Picture: Nigel Pugh

Two sessions at the Wales Real Food and Farming Conference in November 2022 explore “land-sharing” – the use of farmland for more than one purpose.  It means looking for different uses which complement each other and produce several products or outcomes.

In Wales we have acknowledged we are in a climate and nature emergency.  This puts multiple pressures on the land, and we need to multi-task our way out of it, with urgency.  The proposed Sustainable Farming Scheme (SFS) can help do this.

Land-sharing includes the familiar practices of farm diversification and traditional mixed farming, with new opportunities to modify farming operations to reduce reliance on buying in inputs and applying practices such as agroforestry and on-farm energy generation more widely.

Agroforestry – using trees on farms – applies land sharing in support of food production.  It diverts farms away from the treadmill of intensification through simplification, and the high dependence on expensive and polluting inputs that has favoured power and profits for middlemen.  This has created uniform landscapes that contribute to, rather than alleviate, the climate and nature emergency.

The desire to reverse this loss of farm diversity was one of the motivations of the Pontbren farmers in their ground-breaking project in the 1990s.  They decided to re-invest in trees and hedges for livestock shelter, better water management and watercourse protection.

This farmer-led initiative has inspired our Hedges and Edges approach, and our advocacy of this as a significant component  of  the universal tier of the SFS.  

Yn Gymraeg yma.

The conference panel discussion on “Sustainable farming and localised food systemsconsiders how we can be less reliant on imports of climate-vulnerable food and high-cost livestock feed, fertiliser, chemicals, and fossil fuels.  Doing this improves the resilience of food and farming at home whilst helping us to be a Globally Responsible Wales, reducing the environmental, social and cultural damage that we export overseas.

Land-sharing is integral to meeting the four objectives of sustainable land management in the Wales Agriculture Bill and the SFS:

a) To produce food and other goods in a sustainable manner.

b) To mitigate and adapt to climate change.

c) To maintain and enhance the resilience of ecosystems and the benefits they provide.

d) To conserve and enhance the countryside and cultural resources, and promote public access to and engagement with them, and to sustain the Welsh language and promote and facilitate its use.

Helen Chesshire / WTML

The Wellbeing of Future Generations Act requires that these four objectives are met in a balanced way that meets the needs of the present, without compromising the ability of future generations to meet their own needs.

The panel discussion on “The power of trees” considers opportunities for increasing trees on farms through more agroforestry; how this could help meet the tree cover and habitat management thresholds for receipt of universal payments, without necessarily taking that land “out of production.”

They do this, for example, through the provision of shade and shelter, and products such as wood chip and bedding for on-farm use.

How agroforestry supports farming

Trees fix and store carbon, and significantly contribute to aspirations to delivering net zero farm carbon budgets, whilst also delivering these other benefits.

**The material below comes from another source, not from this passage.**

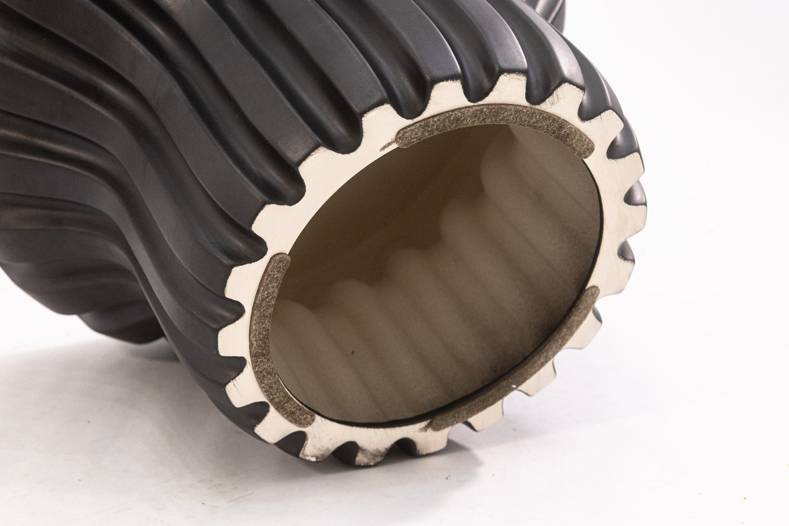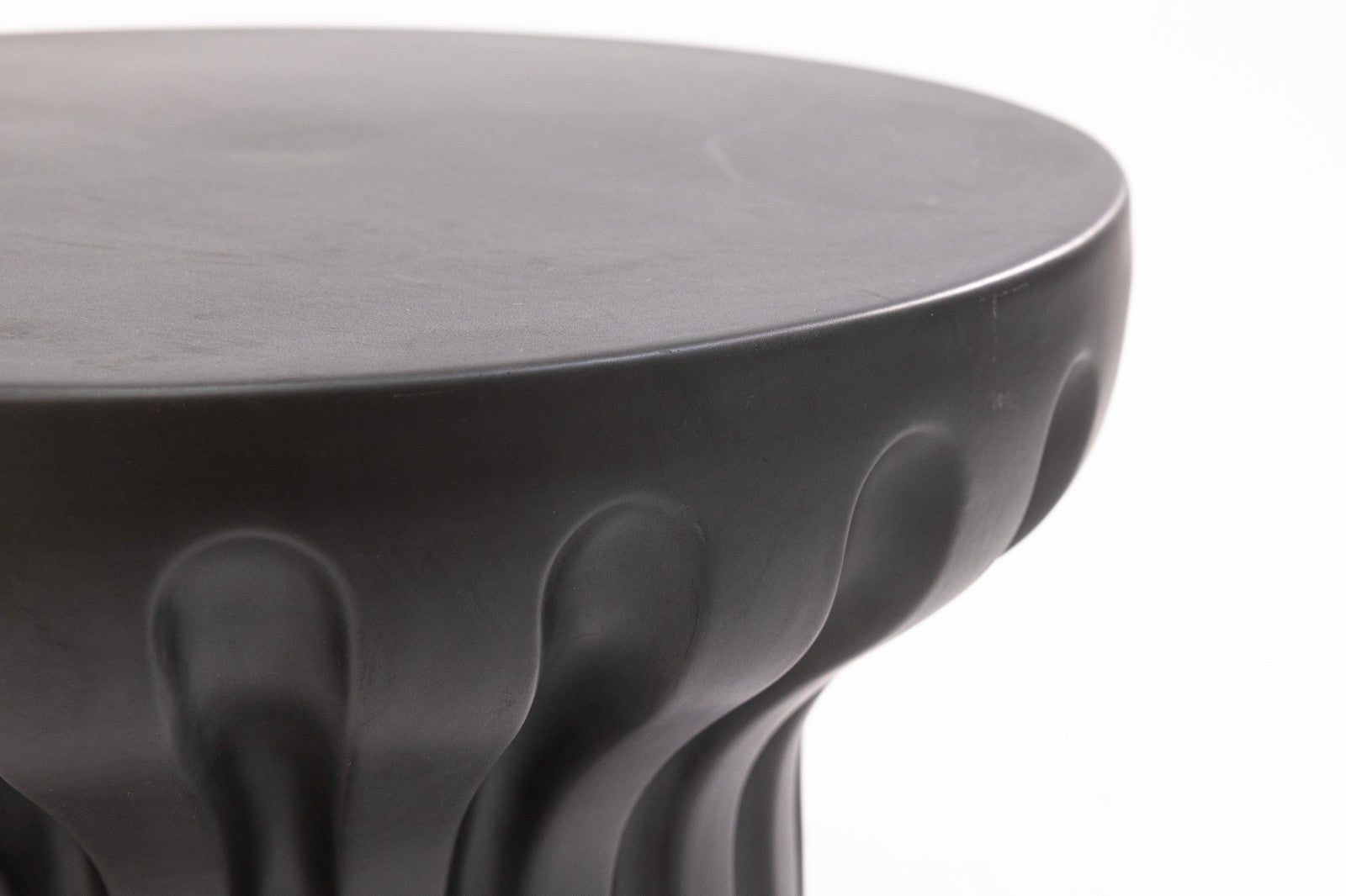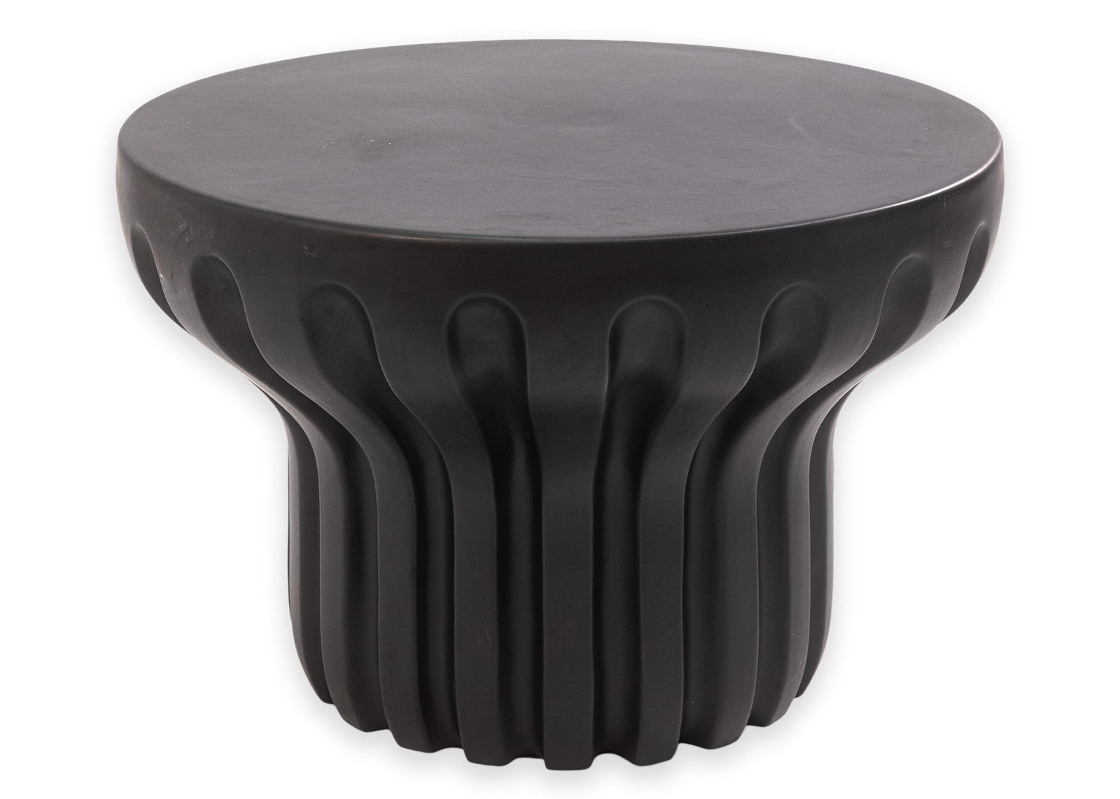 A contemporary low occasional table designed by Cedric Ragot for Roche Bobois. Model “Radian,” executed in ceramic with a noir brilliant finish. The table features a round top supported by a sculptural fluted base with vertical ribbing throughout. A functional sculptural form, this example represents Ragot’s collaboration with Roche Bobois.

Farming is facing great challenges in the face of climate change and the insecurity and volatility of external inputs.  Using the natural resources of the farm – the soil, water, trees, and growth potential – in a wise and truly sustainable way is in everyone’s interest.  

This transformation won’t be easy or cheap, and it is one that deserves substantive public support.  It is our responsibility to address climate change now, and spare future generations far greater financial and human costs.